What’s a currency worth? I occasionally get asked whether we have a fair or the right exchange rate and whether I think a currency will go up or down. It is a question asked by many expats who have an income determined in £, converted every month into €.

Here is a graph of how the pound has behaved relative to the euro over the last 5 years (source: FT).

You can see the pound lost nearly 10% in 2007 and over 20% in 2008. Arguably it has recovered a bit but four years ago the pound was over €1.50 and now it is about €1.15. Will it bounce back? Is it at an artificially low level now? Or was it at an artificially high level before?

One way of valuing a currency was discovered after the massive German inflation of 1923. They made a new currency, the Reichsmark, based roughly on what the things in the economy were worth: the land, the buildings etc. It did all right. When they made the euro in 1999 (bank deposits only for the first two years) they added up the money supplies of the individual nations. Did they get it right? Almost immediately the euro fell 20% and then clawed that back, so that the first entry you see on the graph, for 2006, was roughly the level (against the pound) that it was launched at seven years earlier.

Another way of valuing a currency is called Purchasing Power Parity: that is to say a currency should be valued at what you can buy for it. If a Korean family of four spends $1,000 a month on property, food and fuel then a British family should spend the same. The problem is fundamental differences: Korea might not have easy access to fuel; Koreans might eat less than the British (from my experience their diet consists largely of kimchi, pickled cabbage, and you don’t want too much of that, you really don’t).Closer to home, Italy’s GDP or national income is given as $31,320 whereas the purchasing power parity is $30,910, suggesting the euro in Italy is overvalued against the dollar by 1.3% . The comparable figure for Germany is an overvaluation of around 5%.

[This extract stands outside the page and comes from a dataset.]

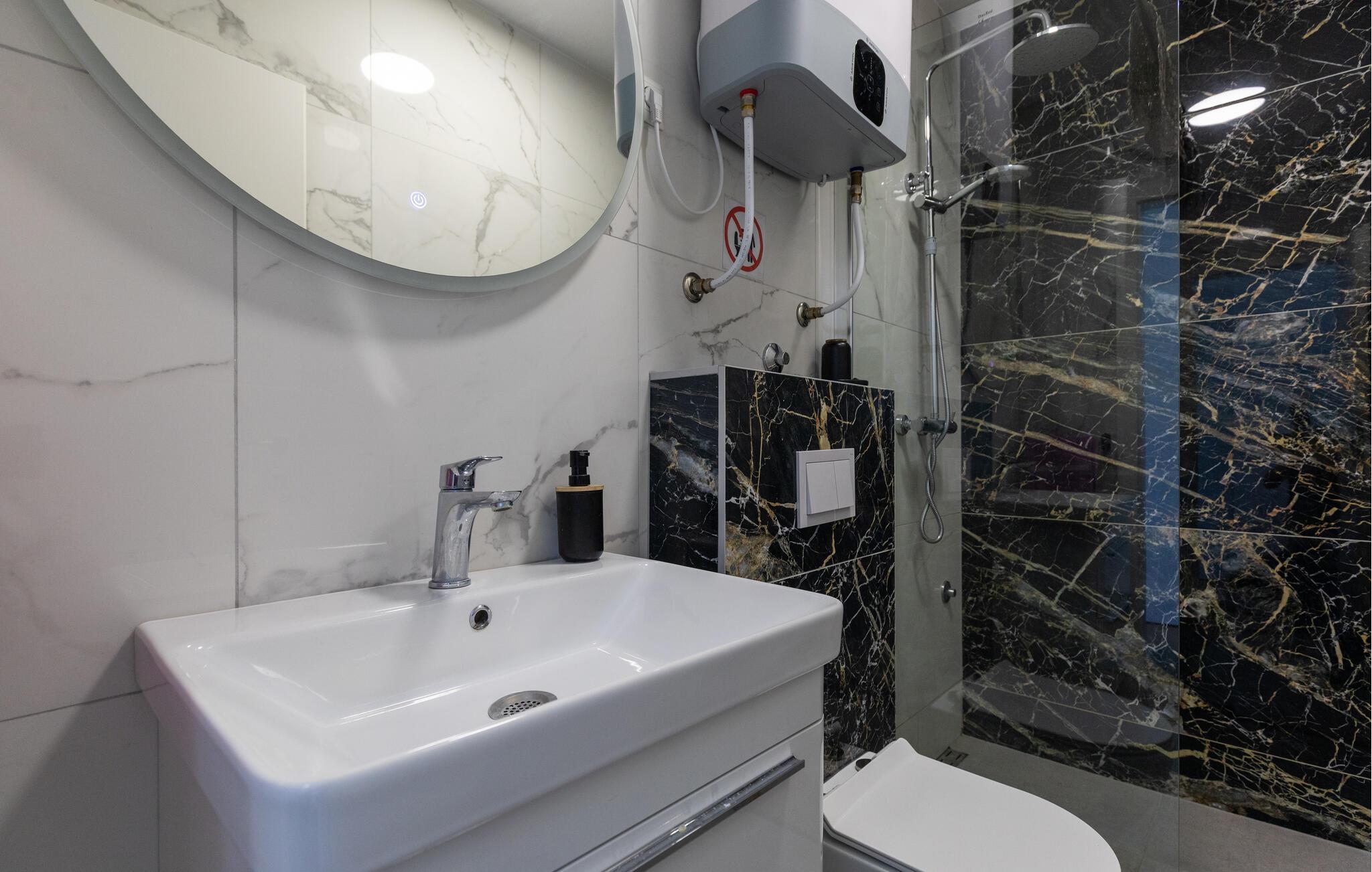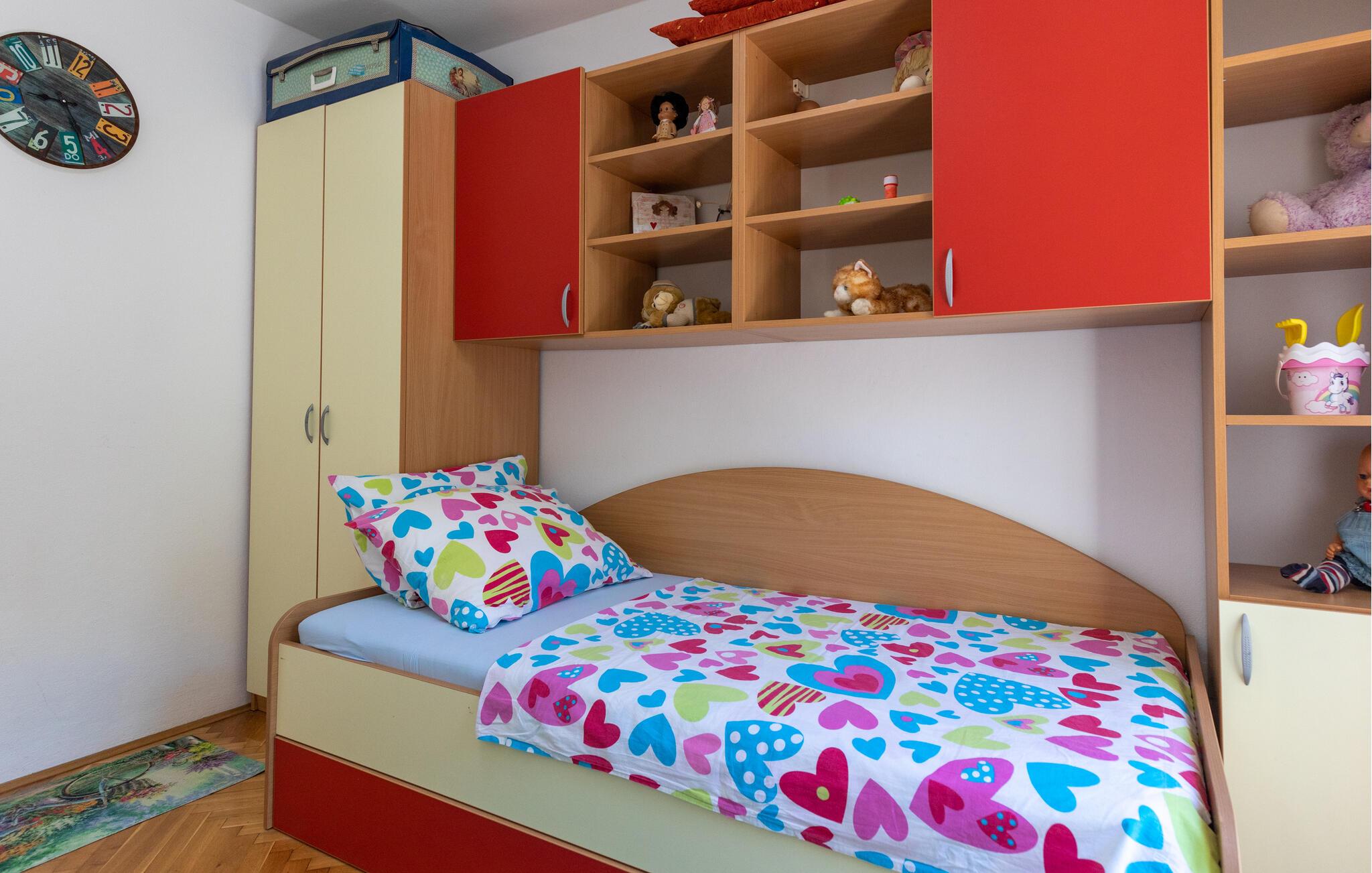 Nur wenige Schritte vom klaren Wasser der Adria entfernt können Sie es sich in dieser charmanten Ferienwohnung mit Ihren Liebsten gemütlich machen. Bereiten Sie mediterrane Gerichte zu und planen Sie Ihre Unternehmungen bei harmonischen Mahlzeiten im hellen Essbereich. Lassen Sie einen langen Tag an der kroatischen Sonne mit einem Spieleabend oder entspannten Lesestunden auf dem großzügigen Sofa ausklingen.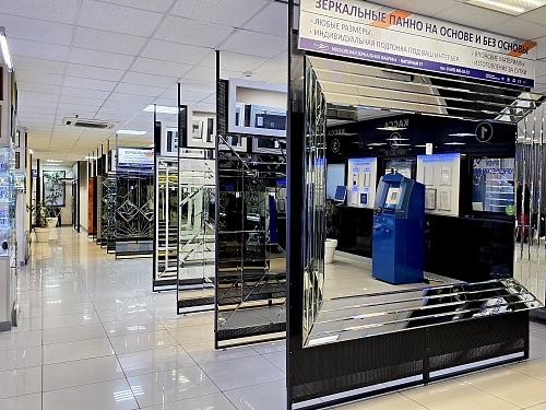 В выставочном зале на Нагорной 17 представлены готовые решения зеркал в разных дизайнах.

A simple way of getting round these PPP differences is to choose a product which is identical in every country. The Economist publishes the Big Mac Index

Thus what costs $3.71 in America costs no less than $6.78 in Switzerland and only $2.18 in China, suggesting that the Swiss Franc is overvalued by 80% and the Chinese yuan is undervalued by 40%. The euro area looks overvalued by nearly 30%, against 1.3% in Italy and around 5% in Germany on the traditional basis.

So what do they want, these countries? A currency that is artificially low will make that country’s exports cheaper (this is what the Chinese have been up to) but it will tend to be inflationary, because it makes imports more expensive. Coming out of a recession all countries want to stimulate their export businesses so to an extent it is a race to the bottom, keeping your currency as low as possible, although Britain and to a lesser extent the Eurozone is worrying about inflation. If interest rates go up in Britain before they go up in Europe, the pound will rise against the euro, for the simple reason that you get more money on your £ deposits.

The other thing which affects currency value and particularly in difficult times like now, is trust.

The Americans hope the markets will trust them because it is, well, America, strong, purposeful, invincible. Against that they have a nasty habit of printing more dollars, making them worth less.

The British are hoping the markets trust its austerity measures. So far this looks to be working but there are tough times ahead.

The Japanese hope the markets will trust Japan’s ability to pull itself out of recession and get its people spending.

In the Eurozone they are hoping that the markets believe Germany will remain strong and that the strongest will bail out the weakest. The markets have believed this so far. If Greece defaults and investors actually lose money, rather than see the economy bailed out with more loans, things might get ugly. Germany would like a weaker euro (good for the exports); the weaker countries would suffer.

Sorry, I don't have an answer. Keep an eye on Greece, is my advice.